The NY Times is backing up the Washington Post on this, adding that the Trump legal team is looking for any dirt they can find in order to dismantle the Mueller investigation entirely without "firing" him...for now.

For weeks, Republicans have publicly identified what they see as potential conflicts among Mr. Mueller’s team of more than a dozen investigators. In particular, they have cited thousands of dollars of political donations to Democrats, including former President Barack Obama, made by Andrew Weissmann, a former senior Justice Department official who has expertise in fraud and other financial crimes. News reports have revealed similar donations by other members of Mr. Mueller’s team, which Mr. Trump’s allies have cited as evidence of political bias. Another lawyer Mr. Mueller has hired, Jeannie Rhee, represented the Clinton Foundation.

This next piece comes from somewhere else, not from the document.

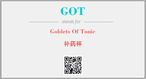 英文缩略词“GOT”经常作为“Goblets Of Tonic”的英文缩写来使用,中文表示:“补药杯”。本文将详细介绍英文缩写词GOT所代表英文单词,其对应的中文拼音、详细解释以及在英语中的流行度。此外,还有关于缩略词GOT的分类、应用领域及相关应用示例等。

To seek a recusal, Mr. Trump’s lawyers can argue their case to Mr. Mueller or his boss, Deputy Attorney General Rod J. Rosenstein. The Justice Department has explicit rules about what constitutes a conflict of interest. Prosecutors may not participate in investigations if they have “a personal or political relationship” with the subject of the case. Making campaign donations is not included on the list of things that would create a “political relationship.”

The examination of Mr. Mueller’s investigators reflects deep concerns among the president’s aides that Mr. Mueller will mount a wide-ranging investigation in the mold of the inquiry conducted by the independent counsel Kenneth W. Starr during the 1990s. Mr. Starr’s investigation into President Bill Clinton began by reviewing an Arkansas land deal and concluded several years later with the president’s impeachment over a lie about a sexual affair.

By building files on Mr. Mueller’s team, the Trump administration is following in the footsteps of the Clinton White House, which openly challenged Mr. Starr and criticized what Mr. Clinton’s aides saw as a political witch hunt.

Of course, it didn't work then, and it's not going to work now.   The panic is starting to set in at the White House, and panicked people do stupid, stupid things.  But as I said before, this is the end of the beginning rather than the beginning of the end.  There's still a long way to go.